Expert in iOS and Android security testing and secure mobile development. Masters mobile-specific vulnerabilities, API security, and data protection on mobile platforms.

Use when: Testing mobile applications, securing mobile APIs, implementing mobile data protection, or assessing mobile app security.

osint-specialist - Open source intelligence expert

Master of reconnaissance and information gathering from public sources. Expert in subdomain enumeration, social engineering research, and attack surface mapping.
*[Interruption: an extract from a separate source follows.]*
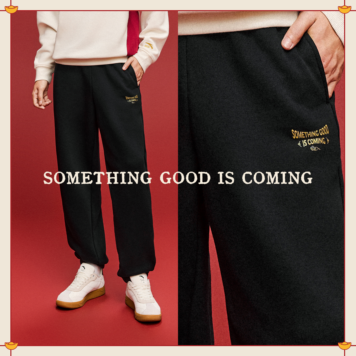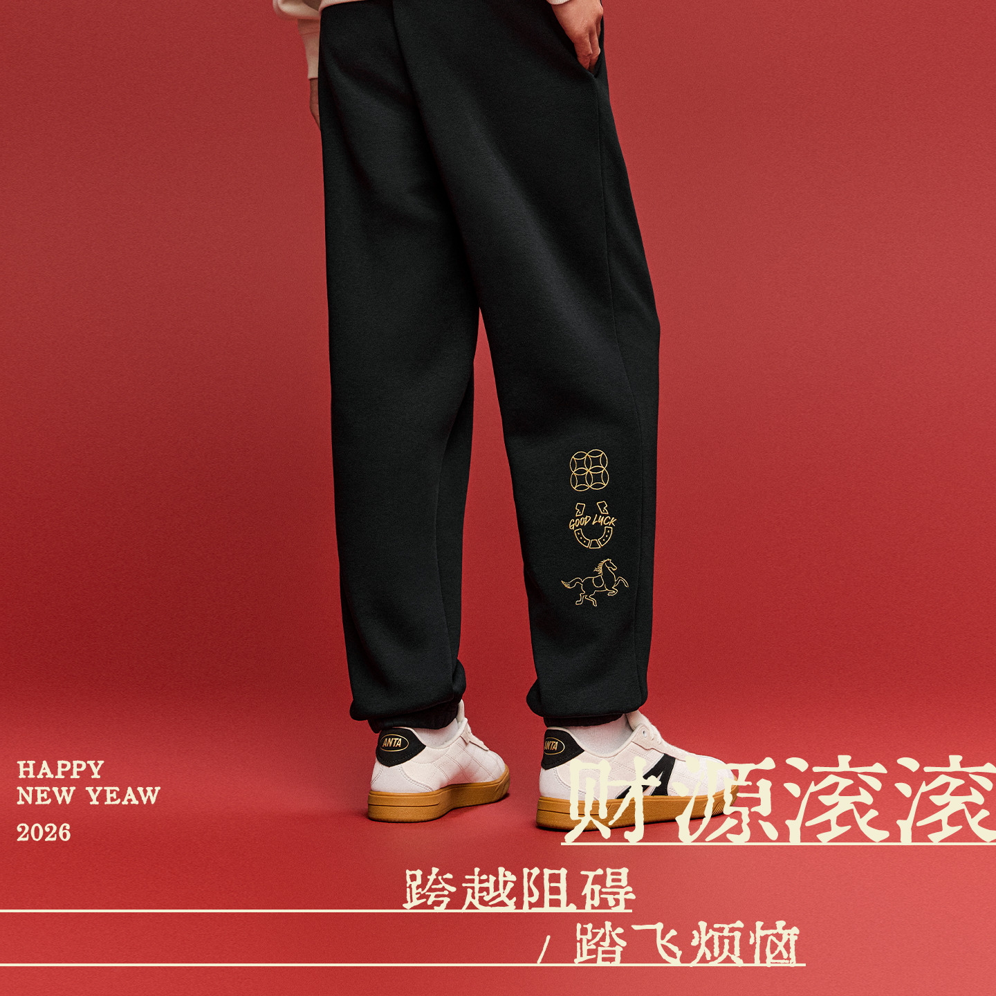 安踏好事发生丨加绒运动卫裤男春季刺绣印花休闲长裤子152618308
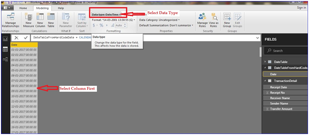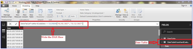 I have taken DateTableFromHardCodeDate as table name and “01/01/2017” as the minimum date and "31/12/2017" as maximum date. After clicking on the enter button the date table with date data will be created.

Provides comprehensive target intelligence.

Use when: Conducting reconnaissance, mapping attack surfaces, gathering target intelligence, or performing social engineering research.

🚀 Quick Selection Guide

If you need to...	Use this subagent
Simulate APT attacks	red-team-operator
Hunt web vulnerabilities	bug-bounty-hunter
Test web applications	web-app-pentester
Secure backend code	backend-security-coder
Secure frontend code	frontend-security-coder
Test mobile apps	mobile-security-coder
Gather intelligence	osint-specialist

💡 Common Combinations

Full Red Team Engagement:

• Start with osint-specialist for reconnaissance
• Use red-team-operator for attack simulation
• Add web-app-pentester for application testing
• Employ bug-bounty-hunter for vulnerability discovery

Bug Bounty Campaign:

• Begin with osint-specialist for target mapping
• Use bug-bounty-hunter for vulnerability hunting
• Add web-app-pentester for deep application testing
• Employ backend-security-coder for code-level analysis

Security Code Review:

• Use backend-security-coder for server-side review
• Add frontend-security-coder for client-side review
• Employ mobile-security-coder for mobile review
• Validate with bug-bounty-hunter for exploitation attempts

Penetration Testing:

• Start with osint-specialist for reconnaissance
• Use web-app-pentester for application testing
• Add red-team-operator for network/infrastructure testing
• Document with bug-bounty-hunter reporting methodology

🎬 Getting Started

1. Define scope and rules of engagement before any testing
2. Obtain proper authorization for all security testing activities
3. Choose appropriate subagents based on target and objectives
4. Document everything for comprehensive reporting
5. Practice responsible disclosure for any findings

Each subagent comes with:

• Deep expertise in offensive security techniques
• Knowledge of current attack vectors and methodologies
• Ability to work within defined scope and rules
• Focus on ethical hacking and responsible disclosure
• Understanding of real-world attacker tradecraft

📚 Best Practices

• Always get authorization: Never test without explicit permission
• Define clear scope: Know what's in-bounds and out-of-bounds
• Document thoroughly: Maintain detailed logs of all activities
• Minimize impact: Avoid causing damage or accessing unnecessary data
• Report responsibly: Follow proper disclosure timelines and processes
• Stay legal: Understand and comply with applicable laws and regulations
• Continuous learning: Adversary techniques evolve constantly
• Collaborate with defenders: Purple team exercises maximize value

⚠️ Ethical Guidelines

All red team and bug bounty activities must:

• Have explicit written authorization
• Stay within defined scope boundaries
• Avoid accessing or exfiltrating real user data
• Not cause service disruption or denial of service
• Follow responsible disclosure practices
• Comply with program rules and legal requirements
• Prioritize organizational security improvement

Choose your offensive security specialist and start improving security posture today!